Using the data below, output a verbatim copy of the lines between the one holding "3. BVTs Wirkstoff" and the one holding "El repte solidari", inclusive, without any pictures.

****************

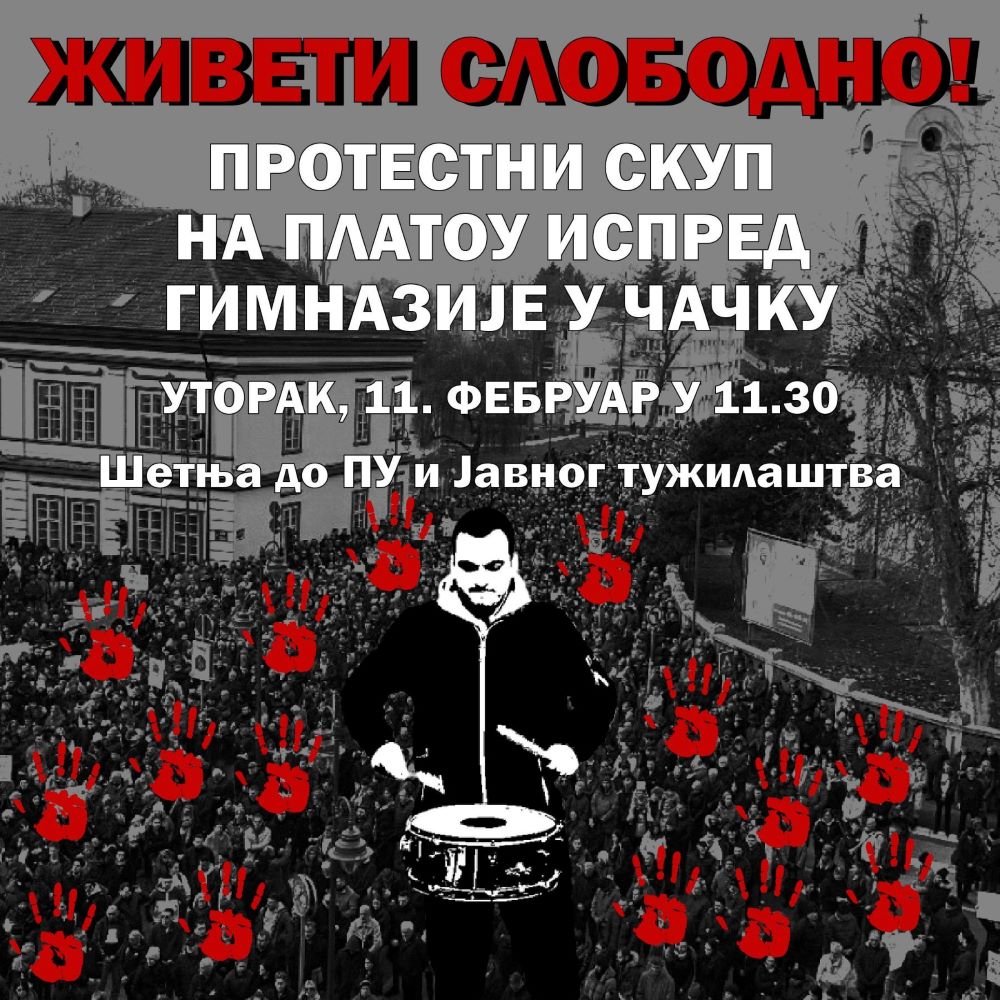 ČAČAK – U Čačku će se u utorak, 11. februara, održati protest pod nazivom “Živeti slobodno“, u znak podrške profesoru čačanske Gimnazije i sindikalnom aktivisti Đorđu Matijeviću, čiju su porodicu pre izvesnog vremena napali huligani, čiji identitet policija još uvek nije otkrila.
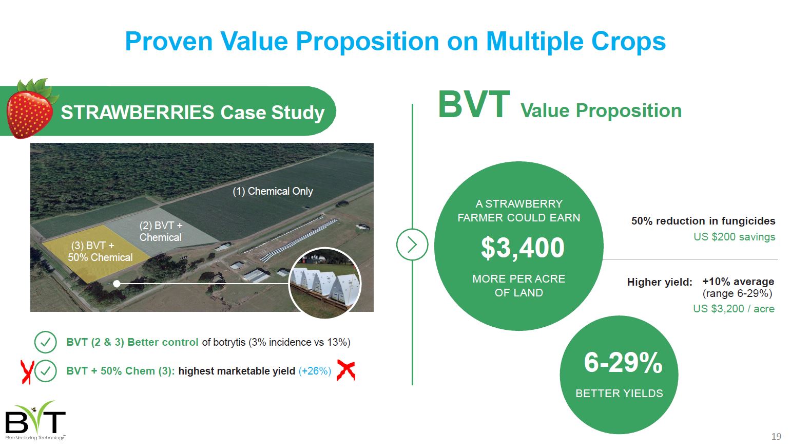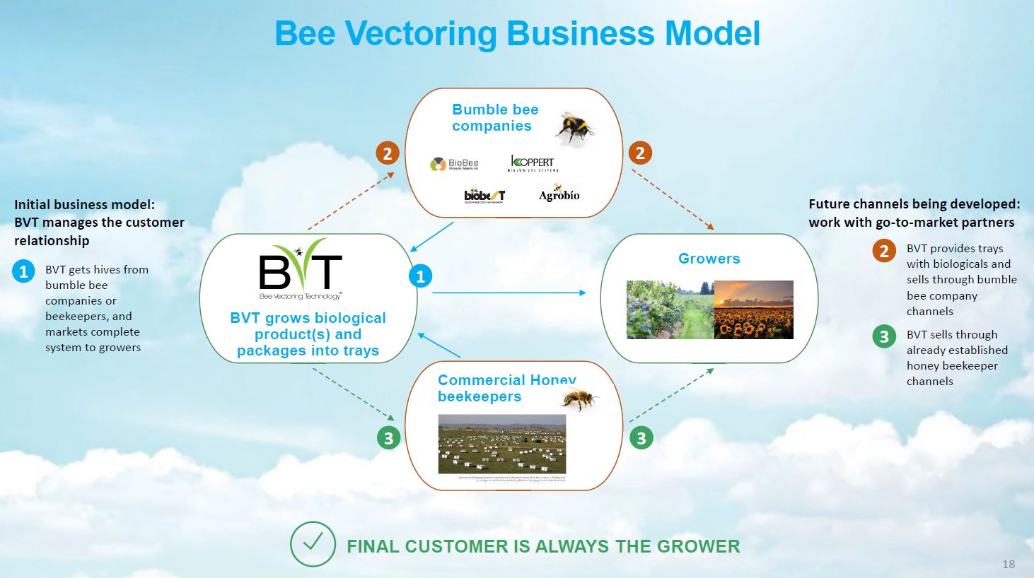 3. BVTs Wirkstoff CR-7 (hat nix mit Fußball zu tun) ist bisher das Einzige, was BVT ausbringen kann. Das System ist „Stacking“-fähig, was ich persönlich super finde und unabdingbar für einen Erfolg. Es können also auch andere Wirkstoffe für andere Krankheiten von anderen Herstellern eingebracht werden. Aber da kommt auch mein Problem: Wenn ich so ein Hersteller wäre, der ein paar Kilogramm pro Hektar über Spritzmittel verkaufen kann oder ein paar Gramm pro Hektar über Hummelverteilung, welchen Vertriebsweg würde ich dann bevorzugen? Bekommt BVT überhaupt Partnerschaften zusammen? Ich hab BVT zu der Frage schon zweimal angemailt, leider keine Antwort.
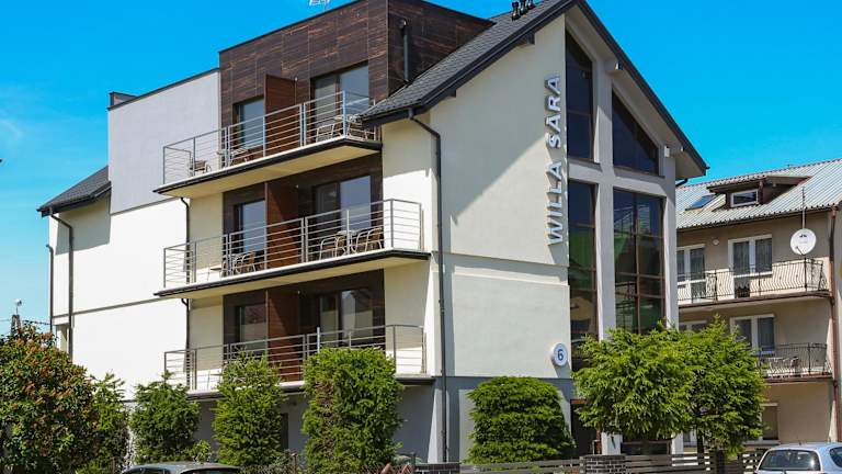 Willa Sara Karwia ist eine Unterkunft mit gemütlichen Übernachtungsmöglichkeiten, die eine Terrasse oder einen Balkon bieten. Die Einrichtung umfasst einen Flachbild-TV, kostenloses Wifi und einen gepflegten Garten mit Grillmöglichkeiten. Ein Privatparkplatz ist vor Ort vorhanden.
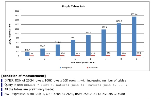 В рамках проекта PG-Storm (https://github.com/pg-strom) при участии компании NEC развивается дополнение к СУБД PostgreSQL, позволяющее вынести на плечи GPU выполнение некоторых операций обработки SQL-запроса. В частности, за счёт привлечения GPU могут быть ускорены такие операции как сравнительный перебор элементов таблиц, агрегирование записей и слияние хэшей. | ||
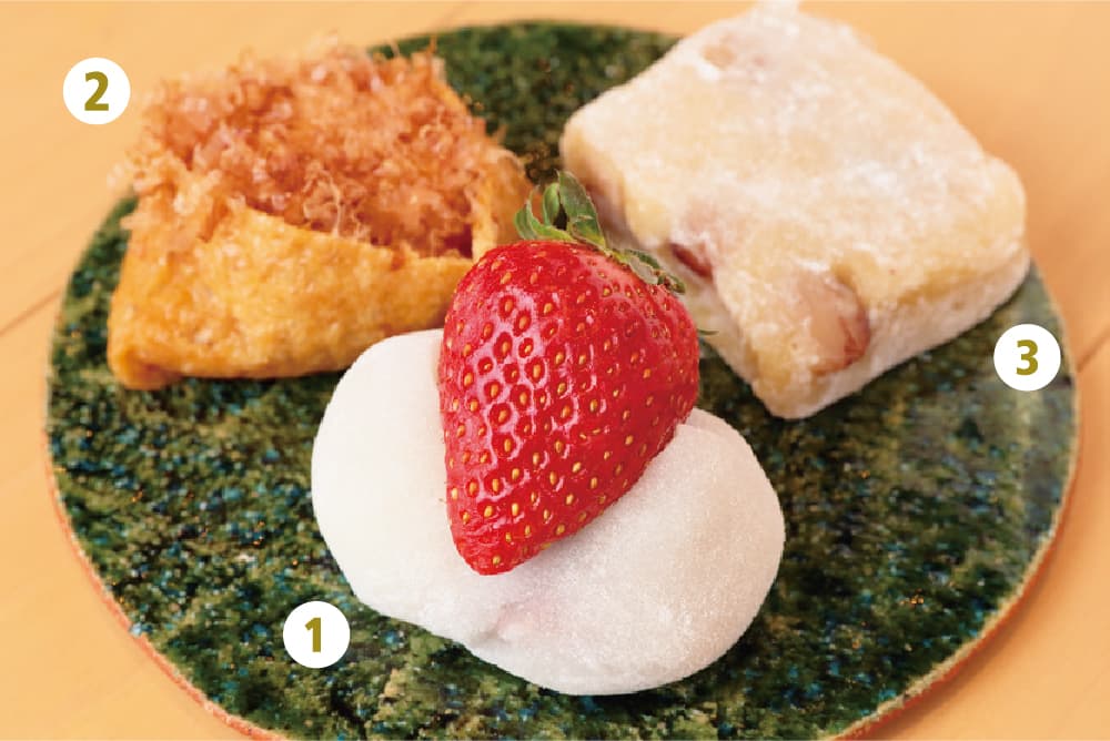 1.大粒の国産イチゴを使用した苺餅(529円)は通年商品
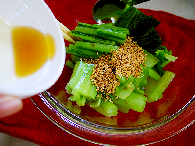 5.小松菜と*印の材料とを和えたらできあがり。
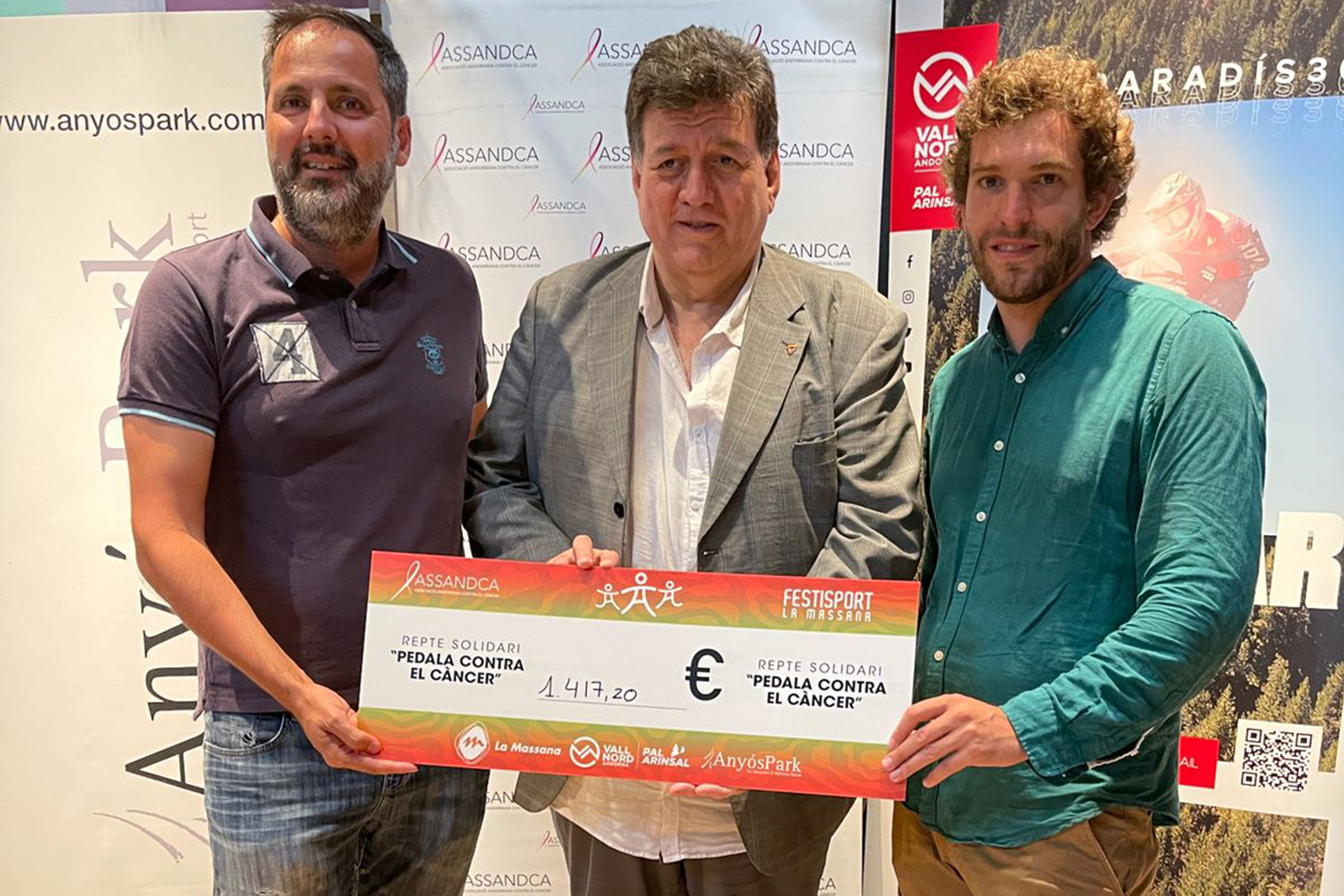 El repte solidari 'Pedala contra el càncer' ha recaptat un total de 1.417,20 euros. Es tracta d'una iniciativa del Centre Esportiu d'Anyós, Vallnord i el comú de la Massana emmarcada dins del festival Festisport que buscava recaptar diners per a l'Associació Andorrana contra el Càncer (Assandca), que els dedicarà a la seva acció a favor dels pacients oncològics.
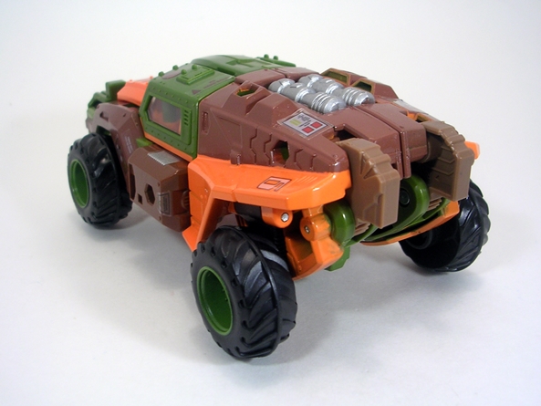 Well, I do like the art design! Or perhaps it would be more accurate to say, I like it better than what we’ve been getting. The character art has been phenomenal, but some derivation of the boring black package with generic font Transformers running up the side has been with us for a while. This is colorful and trippy and while the Legacy logo doesn’t really scream Transformers brand to me, I can get behind this. Unfortunately, like the packaging we saw in my Buzzworthy Bumblebee review, Hasbro has stopped using plastic windows to save the planet and now leaves the toy exposed to the elements, as well as the sticky fingers of children. I would much rather they just use a completely enclosed box, but whatever. Let’s start with Skids alt mode.
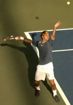 Federer at the 2005 US Open tournament.
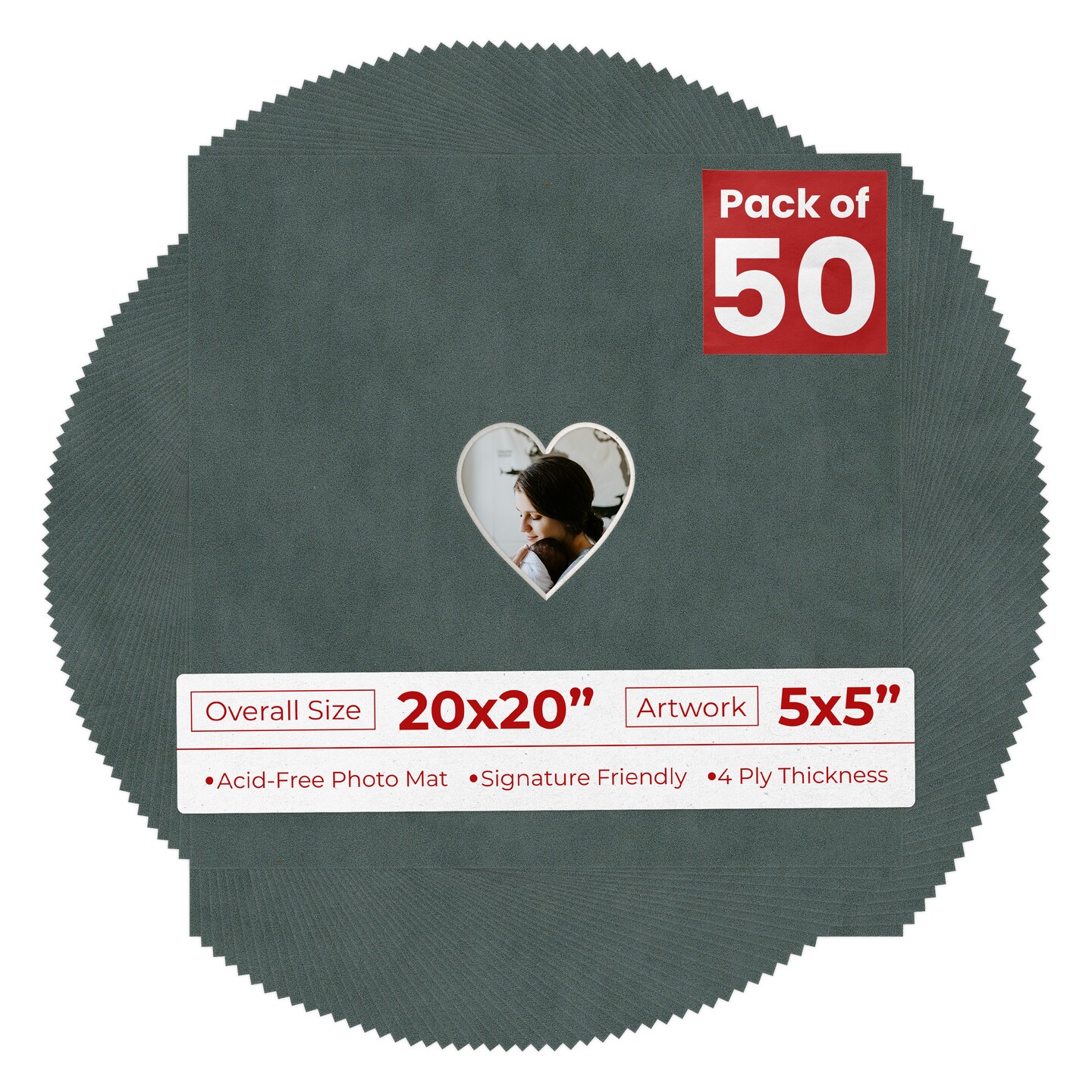 Dark Grey Suede Mat Board for 20x20 Frames - Heart Opening for 5x5 Photos
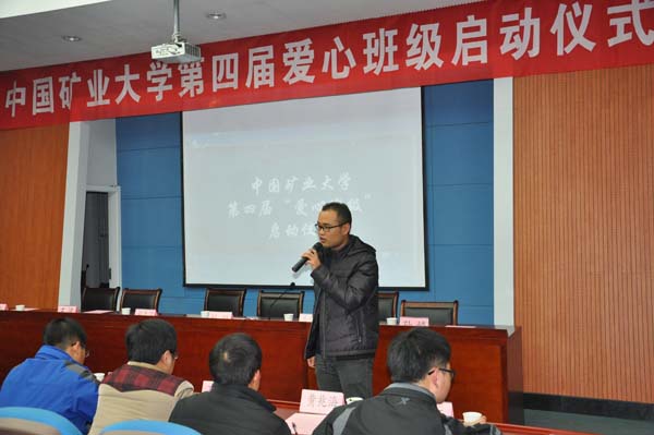 第四届“爱心班级”启动仪式在矿业科学中心A200圆满召开。安全学院党委副书记钱雄、学生工作处指导老师孟凡昌出席了本次仪式,管理学院辅导员杨忠习老师、安全学院辅导员孙婷老师等各学院辅导员老师以及爱心班级代表参加了本次启动仪式。本届爱心班级的主题是:真真切切献爱心,踏踏实实做志愿。

****************

* Task response:
 3. BVTs Wirkstoff CR-7 (hat nix mit Fußball zu tun) ist bisher das Einzige, was BVT ausbringen kann. Das System ist „Stacking“-fähig, was ich persönlich super finde und unabdingbar für einen Erfolg. Es können also auch andere Wirkstoffe für andere Krankheiten von anderen Herstellern eingebracht werden. Aber da kommt auch mein Problem: Wenn ich so ein Hersteller wäre, der ein paar Kilogramm pro Hektar über Spritzmittel verkaufen kann oder ein paar Gramm pro Hektar über Hummelverteilung, welchen Vertriebsweg würde ich dann bevorzugen? Bekommt BVT überhaupt Partnerschaften zusammen? Ich hab BVT zu der Frage schon zweimal angemailt, leider keine Antwort.
 Willa Sara Karwia ist eine Unterkunft mit gemütlichen Übernachtungsmöglichkeiten, die eine Terrasse oder einen Balkon bieten. Die Einrichtung umfasst einen Flachbild-TV, kostenloses Wifi und einen gepflegten Garten mit Grillmöglichkeiten. Ein Privatparkplatz ist vor Ort vorhanden.
 В рамках проекта PG-Storm (https://github.com/pg-strom) при участии компании NEC развивается дополнение к СУБД PostgreSQL, позволяющее вынести на плечи GPU выполнение некоторых операций обработки SQL-запроса. В частности, за счёт привлечения GPU могут быть ускорены такие операции как сравнительный перебор элементов таблиц, агрегирование записей и слияние хэшей. | ||
 1.大粒の国産イチゴを使用した苺餅(529円)は通年商品
 5.小松菜と*印の材料とを和えたらできあがり。
 El repte solidari 'Pedala contra el càncer' ha recaptat un total de 1.417,20 euros. Es tracta d'una iniciativa del Centre Esportiu d'Anyós, Vallnord i el comú de la Massana emmarcada dins del festival Festisport que buscava recaptar diners per a l'Associació Andorrana contra el Càncer (Assandca), que els dedicarà a la seva acció a favor dels pacients oncològics.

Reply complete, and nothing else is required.